Replies are listed 'Best First'.
Re: Splitting a string based on a regex
by duff (Parson) on Feb 06, 2006 at 13:54 UTC

    Um, if you have a regular expression and want to split a string based on that regular expression, that's what split does. Am I missing something?

    update: here's some code (untested):

    # assuming you've got the RE in $re ... my @parts = split /(?=$re)/, $string;

    I used a zero-width look-ahead so that the text is split just before the part that matches as that seems to be your desire.

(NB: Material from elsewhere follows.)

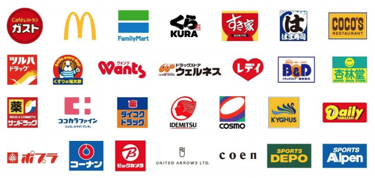 これにより利用者は、「ガスト」「バーミヤン」「ジョナサン」「しゃぶ葉」「夢庵」「藍屋」などの対象店舗にて、「楽天ポイントカード」もしくは「楽天ポイントカードアプリ」を提示すると、利用金額に応じて「楽 天ポイント」を貯めることができ、支払い時には貯まったポイントを使用することも可能となる。

      Hmm thanks for the reply but I'm not sure I understand how this will work.
      The regular expression held in $exp looks like this
      (?-xism:(?ig:(?:create table ([a-z]|[_])+(?{$self->{m}=1})|insert \b([ +a-z]|[_])+\b (?{$self->{m}=3})|lock table(?{$self->{m}=0})|grant(?{$s +elf->{m}=2}))))
      If I understand your answer correctly (it's highly plausible that I don't !) you are suggesting that I split the line based on this regex ?
      So that makes the suggested code look like this ?
      my @parts = split /(?=(?-xism:(?ig:(?:create table ([a-z]|[_])+(?{$sel +f->{m}=1})|insert \b([a-z]|[_])+\b (?{$self->{m}=3})|lock table(?{$se +lf->{m}=0})|grant(?{$self->{m}=2})))))/, $text;
      I'm only just past novice stage with Perl but that doesn't look right to me ?

        Well, that would work but I was thinking that you'd get the RE from Regexp::Assemble in a more direct way. Here's a complete, tested example:

        #!/usr/bin/perl use strict; use warnings; use Regexp::Assemble; open KEYS,"patterns" or die "Can't open the pattern file: $!"; my $exp = Regexp::Assemble ->new(flags => 'i',chomp => 1) ->add( <KEYS +> ); close KEYS; my $re = $exp->re; # store the assembled RE for l +ater while (my $text = <DATA>) { chomp($text); my @parts = split /(?=$re)/, $text; # split based on stored RE for my $part (@parts) { print "line $.: $part\n"; } } exit; __DATA__ insert newtab values(1) drop table newtab create table XXXX (field1 int null) insert XXXX values(1) grant select + on XXXX to sa drop table XXXX create table XXXX (field1 int null) insert XXXX values(1) grant select + on XXXX to sa drop table XXXX rollback tran create table XXXX (field1 int null) sp_help XXXX insert XXXX values(1) grant select on XXXX to sa drop table XXXX rollb +ack tran lock table cDsnJbgnd..smfJwDlwb in share mode

        I didn't write this earlier because I hadn't installed or read the docs to Regexp::Assemble yet. Also, I removed the /g flag that you passed to Regexp::Assemble->new as perl told me that it was a useless use.

        As I suspected it's my lack of knowledge that's the problem. I figured it out.